* _Task description_:
The full set of lines below has to be duplicated exactly, with no picture kept.

━━━━━ Provided material ━━━━━

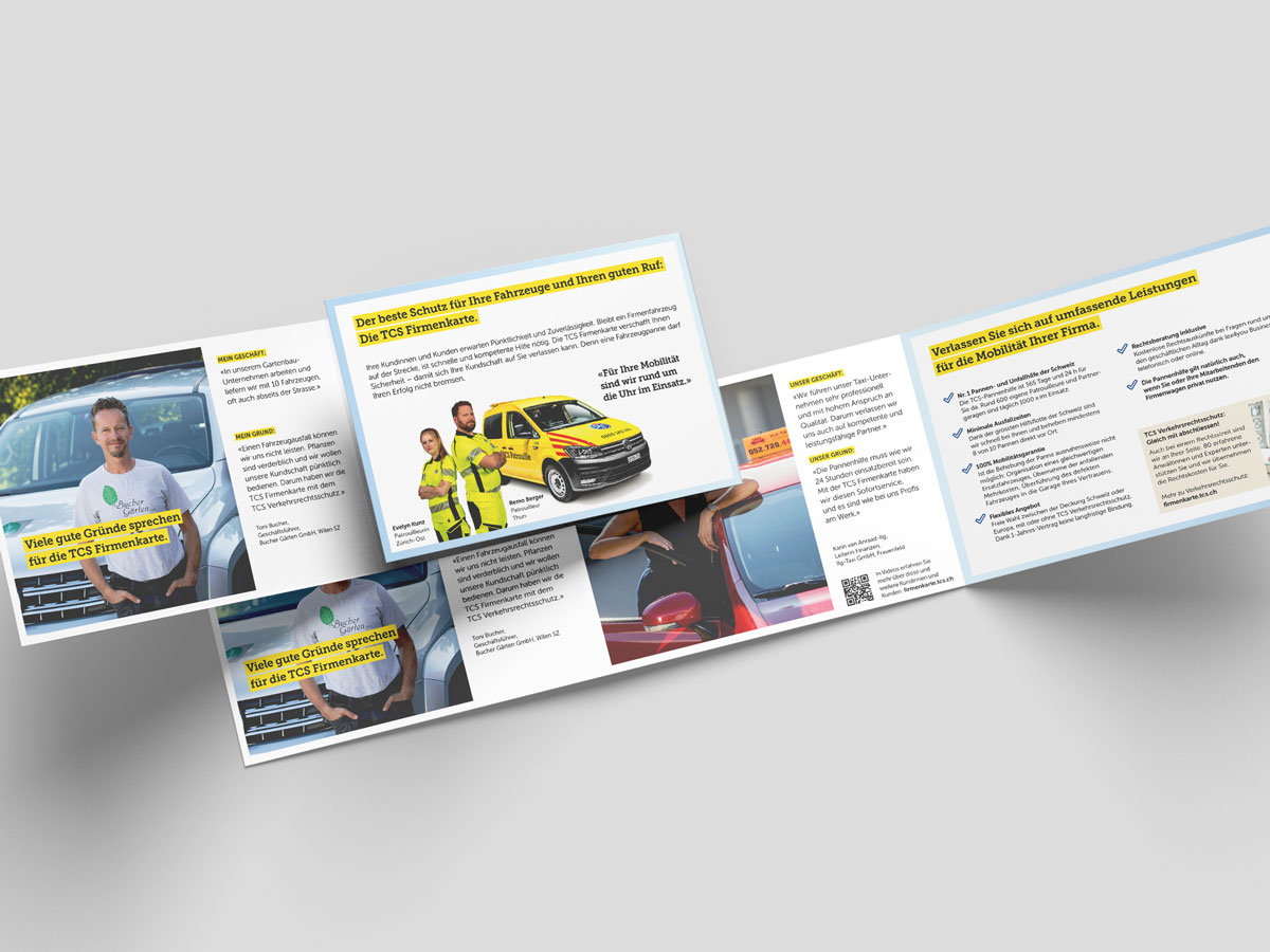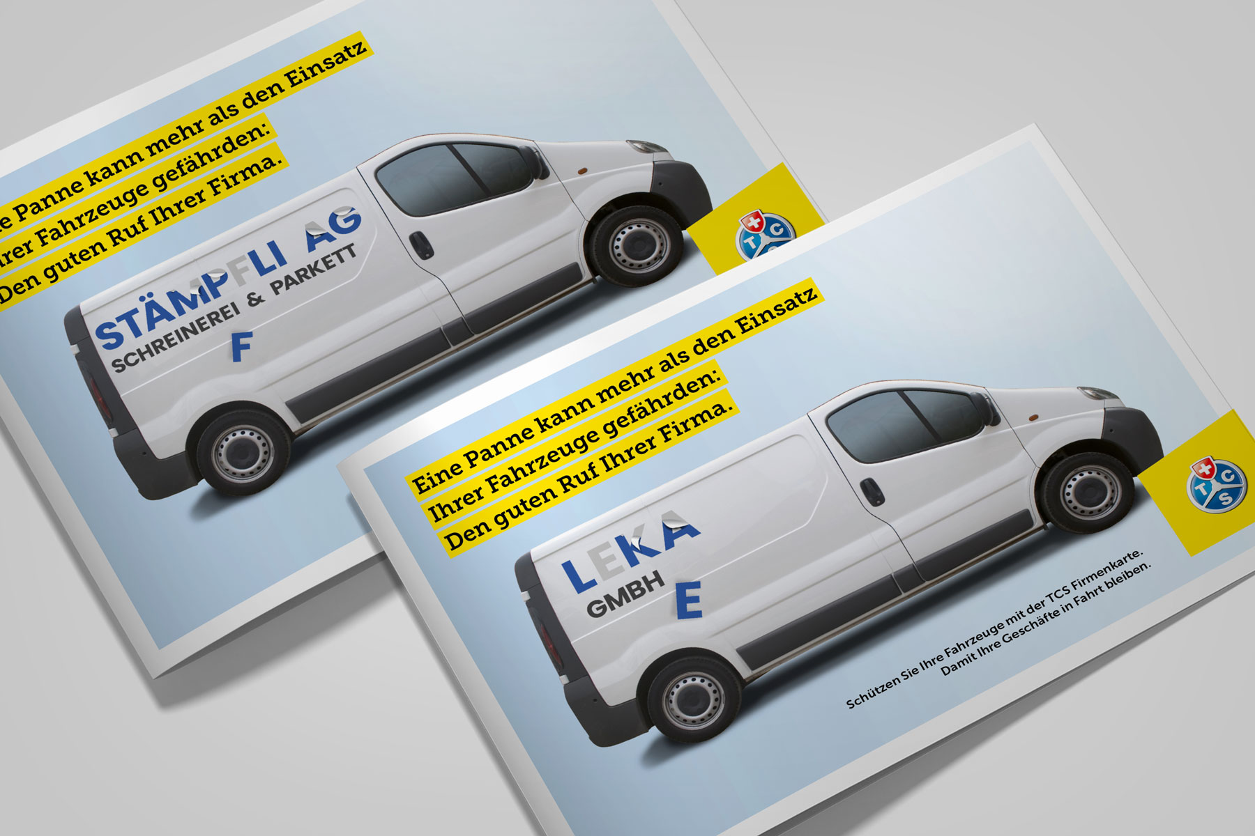 Der TCS ist nicht nur für Privatpersonen und ihre Autos die Pannenhilfe Nummer 1 der Schweiz. Der Verein mit 1,5 Mio. Mitgliedern bietet seine Dienste auch für die Fahrzeuge und Transportdienstleistungen von KMUs an – mit der TCS Firmenkarte. Um dieses Angebot bekannter zu machen und neue Firmenkunden zu gewinnen, entwickelte Wirz ein Akquisitionsmailing und Videos mit Testimonials.
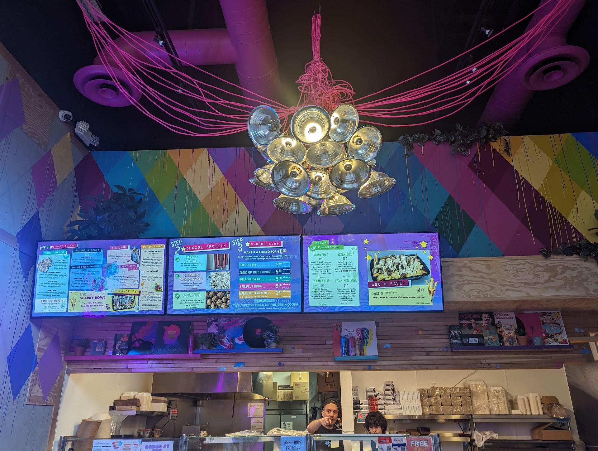 Such a mixed bag here. If you’re a student and you aren’t tight on M&G, I’d pretty confidently say it’s the best place to spend any student meal plan money.m (especially given how marked up a lot of things are at the student convenience stores). But even with spending just these already awarded meal plan dollars the prices are a bit steep for a place that’s borderline grab and go, not table service, etc. The food here is generally pretty consistent. The gyro is my go-to and doing this with the beef and lamb generally turns out quite nice. The fries are generally delicious and putting them in the gyro is an unusual, but not poor idea and tastes alright. The taste is good, and it is consistent, but it still feel like it’s missing a little something, and maybe because of the fries masking the taste but I don’t know about the halal mark. I’ve had once where the food left me with an upset stomach and gassy, which given it both doesn’t happen consistently and I can eat a gyro normally fine I don’t know how to feel. Some of my ventures outside of this normal have been a bit less successful, for example with the Mediterranean bowl which with the mix of the warm meat combined with a lot of items that don’t mix together excellently isn’t as great as the gyro. I’ve gotten some weird interactions with staff when coming in a bit on the later end usually around 15-30 minutes before close (I sleep late so sometimes stopping by for just a side order is nice for a late night snack). It’s nothing bad, but it feels like a “we closed 10 minutes ago” type of vibe at a sit down restaurant or bar… I understand from the side of a worker but I’d get it more if it was like 5 minutes before closing or something. It’s almost as if it’s soft hours where the place effectively closes 20-30 minutes before it actually does at 1. If that’s what we’re going for then I’d just say have your hours close at 12:30 or 12:45 instead. I can’t also wholeheartedly agree to give a 5 star review to an establishment that has a policy to give free drinks and a side(?) to all who give a five star review AND per platform you give a review on. With college kids in the mix it feels a bit sketchy and a 4.9 average review that stands here...
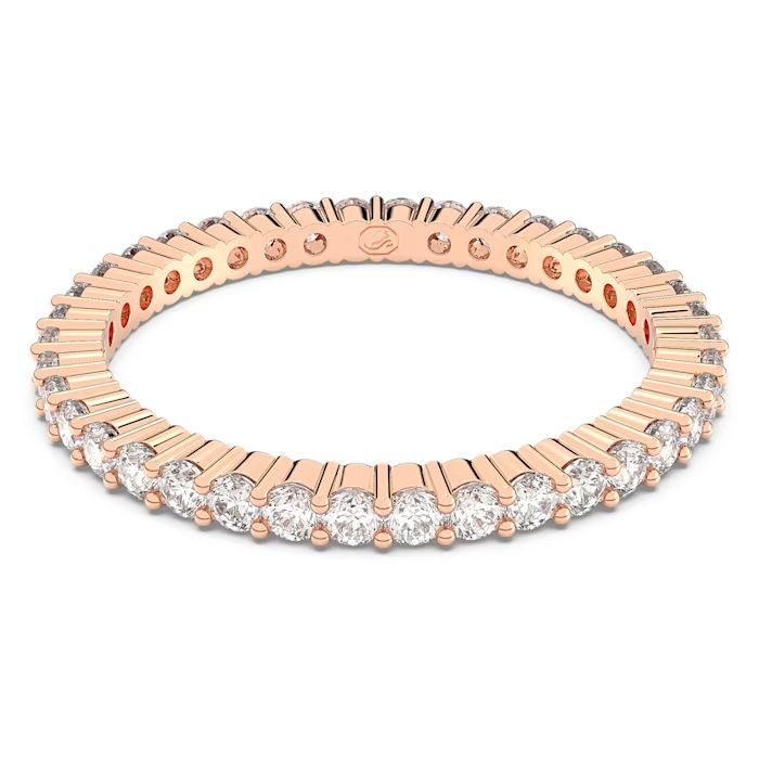 Spoj blistavih, okruglih Swarovski cirkonija i završne obrade u boji ružičastog zlata stvara izgled koji odiše toplinom i prefinjenošću. Specifičnost ovog modela je dizajn koji omogućava da kamenčići sijaju sa svih strana, pružajući neprekidan niz svetlosti oko vašeg prsta. Njegova nežna forma čini ga savršenim za svakodnevno nošenje, ali i za kombinovanje sa krupnijim komadima nakita radi postizanja efektnog kontrasta.

━━━━━

* _Task output_:
 Der TCS ist nicht nur für Privatpersonen und ihre Autos die Pannenhilfe Nummer 1 der Schweiz. Der Verein mit 1,5 Mio. Mitgliedern bietet seine Dienste auch für die Fahrzeuge und Transportdienstleistungen von KMUs an – mit der TCS Firmenkarte. Um dieses Angebot bekannter zu machen und neue Firmenkunden zu gewinnen, entwickelte Wirz ein Akquisitionsmailing und Videos mit Testimonials.
 Such a mixed bag here. If you’re a student and you aren’t tight on M&G, I’d pretty confidently say it’s the best place to spend any student meal plan money.m (especially given how marked up a lot of things are at the student convenience stores). But even with spending just these already awarded meal plan dollars the prices are a bit steep for a place that’s borderline grab and go, not table service, etc. The food here is generally pretty consistent. The gyro is my go-to and doing this with the beef and lamb generally turns out quite nice. The fries are generally delicious and putting them in the gyro is an unusual, but not poor idea and tastes alright. The taste is good, and it is consistent, but it still feel like it’s missing a little something, and maybe because of the fries masking the taste but I don’t know about the halal mark. I’ve had once where the food left me with an upset stomach and gassy, which given it both doesn’t happen consistently and I can eat a gyro normally fine I don’t know how to feel. Some of my ventures outside of this normal have been a bit less successful, for example with the Mediterranean bowl which with the mix of the warm meat combined with a lot of items that don’t mix together excellently isn’t as great as the gyro. I’ve gotten some weird interactions with staff when coming in a bit on the later end usually around 15-30 minutes before close (I sleep late so sometimes stopping by for just a side order is nice for a late night snack). It’s nothing bad, but it feels like a “we closed 10 minutes ago” type of vibe at a sit down restaurant or bar… I understand from the side of a worker but I’d get it more if it was like 5 minutes before closing or something. It’s almost as if it’s soft hours where the place effectively closes 20-30 minutes before it actually does at 1. If that’s what we’re going for then I’d just say have your hours close at 12:30 or 12:45 instead. I can’t also wholeheartedly agree to give a 5 star review to an establishment that has a policy to give free drinks and a side(?) to all who give a five star review AND per platform you give a review on. With college kids in the mix it feels a bit sketchy and a 4.9 average review that stands here...
 Spoj blistavih, okruglih Swarovski cirkonija i završne obrade u boji ružičastog zlata stvara izgled koji odiše toplinom i prefinjenošću. Specifičnost ovog modela je dizajn koji omogućava da kamenčići sijaju sa svih strana, pružajući neprekidan niz svetlosti oko vašeg prsta. Njegova nežna forma čini ga savršenim za svakodnevno nošenje, ali i za kombinovanje sa krupnijim komadima nakita radi postizanja efektnog kontrasta.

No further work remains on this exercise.